Segment Start: Recorded data
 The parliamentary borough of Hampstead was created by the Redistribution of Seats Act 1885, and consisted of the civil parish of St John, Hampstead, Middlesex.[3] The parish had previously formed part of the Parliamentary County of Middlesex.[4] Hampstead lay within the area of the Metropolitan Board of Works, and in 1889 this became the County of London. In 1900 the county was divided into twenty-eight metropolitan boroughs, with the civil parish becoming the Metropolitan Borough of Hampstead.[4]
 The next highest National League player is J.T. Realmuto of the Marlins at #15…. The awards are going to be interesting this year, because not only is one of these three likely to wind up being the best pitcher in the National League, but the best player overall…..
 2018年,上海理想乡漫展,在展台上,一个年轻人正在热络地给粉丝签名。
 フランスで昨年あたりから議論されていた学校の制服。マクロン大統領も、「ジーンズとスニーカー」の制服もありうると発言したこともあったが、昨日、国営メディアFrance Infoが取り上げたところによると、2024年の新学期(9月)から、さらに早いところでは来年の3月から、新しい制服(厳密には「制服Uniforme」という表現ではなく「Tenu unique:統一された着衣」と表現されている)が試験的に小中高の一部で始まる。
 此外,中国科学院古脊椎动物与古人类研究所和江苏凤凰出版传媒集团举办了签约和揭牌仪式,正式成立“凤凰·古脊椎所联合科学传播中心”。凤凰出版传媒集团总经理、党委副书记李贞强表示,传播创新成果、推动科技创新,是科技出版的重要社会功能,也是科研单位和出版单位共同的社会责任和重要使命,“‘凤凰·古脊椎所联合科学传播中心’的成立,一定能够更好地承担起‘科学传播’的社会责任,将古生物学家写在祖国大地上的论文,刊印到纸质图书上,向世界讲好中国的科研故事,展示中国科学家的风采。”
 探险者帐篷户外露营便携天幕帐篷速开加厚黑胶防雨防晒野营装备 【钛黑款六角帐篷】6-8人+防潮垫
Segment End: Recorded data
Segment Start: Recorded data
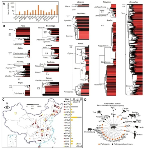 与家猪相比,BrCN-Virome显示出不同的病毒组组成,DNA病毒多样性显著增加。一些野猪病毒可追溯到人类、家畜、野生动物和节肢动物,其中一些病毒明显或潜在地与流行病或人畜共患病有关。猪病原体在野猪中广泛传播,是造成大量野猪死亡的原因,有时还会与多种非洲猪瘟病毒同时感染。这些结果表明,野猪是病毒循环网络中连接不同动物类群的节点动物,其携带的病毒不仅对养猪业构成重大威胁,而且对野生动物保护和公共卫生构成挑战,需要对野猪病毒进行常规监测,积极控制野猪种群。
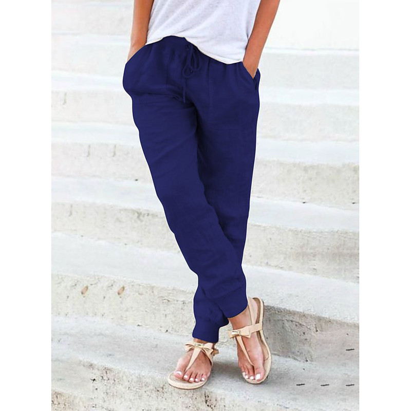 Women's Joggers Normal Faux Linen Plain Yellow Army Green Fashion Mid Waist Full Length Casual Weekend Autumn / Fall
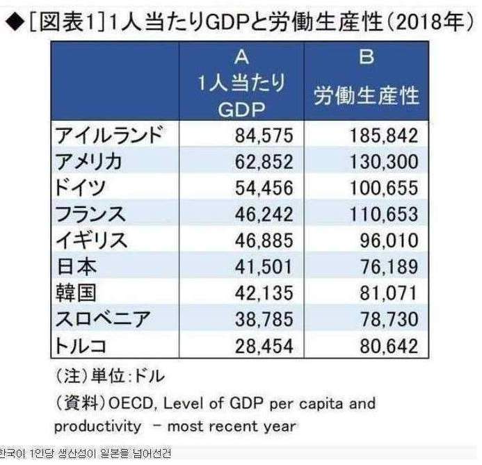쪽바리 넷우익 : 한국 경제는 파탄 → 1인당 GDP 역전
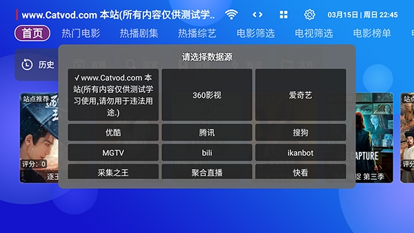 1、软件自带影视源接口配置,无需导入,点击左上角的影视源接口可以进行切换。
Segment End: Recorded data
Segment Start: Recorded data
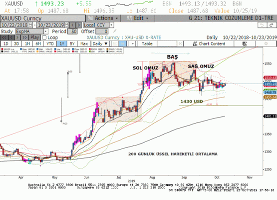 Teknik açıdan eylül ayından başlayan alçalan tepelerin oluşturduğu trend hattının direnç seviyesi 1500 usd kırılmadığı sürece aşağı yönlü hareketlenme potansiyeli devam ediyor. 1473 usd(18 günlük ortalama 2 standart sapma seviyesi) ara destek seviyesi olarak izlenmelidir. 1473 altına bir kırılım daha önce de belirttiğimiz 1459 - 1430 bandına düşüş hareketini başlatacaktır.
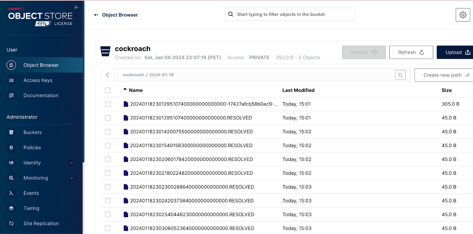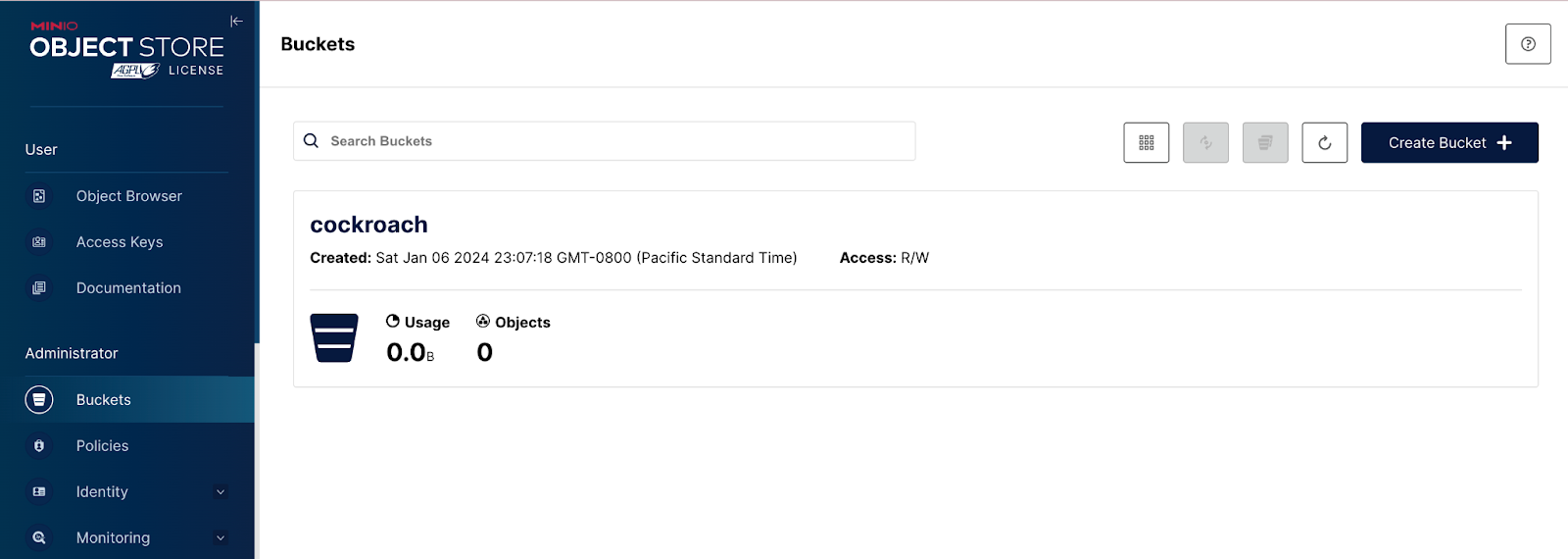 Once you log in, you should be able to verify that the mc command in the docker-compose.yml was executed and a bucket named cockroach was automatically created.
Segment End: Recorded data
■ Task to complete
Go through the records above and return every line that holds the string "this".

■ Response
 The parliamentary borough of Hampstead was created by the Redistribution of Seats Act 1885, and consisted of the civil parish of St John, Hampstead, Middlesex.[3] The parish had previously formed part of the Parliamentary County of Middlesex.[4] Hampstead lay within the area of the Metropolitan Board of Works, and in 1889 this became the County of London. In 1900 the county was divided into twenty-eight metropolitan boroughs, with the civil parish becoming the Metropolitan Borough of Hampstead.[4]
 The next highest National League player is J.T. Realmuto of the Marlins at #15…. The awards are going to be interesting this year, because not only is one of these three likely to wind up being the best pitcher in the National League, but the best player overall…..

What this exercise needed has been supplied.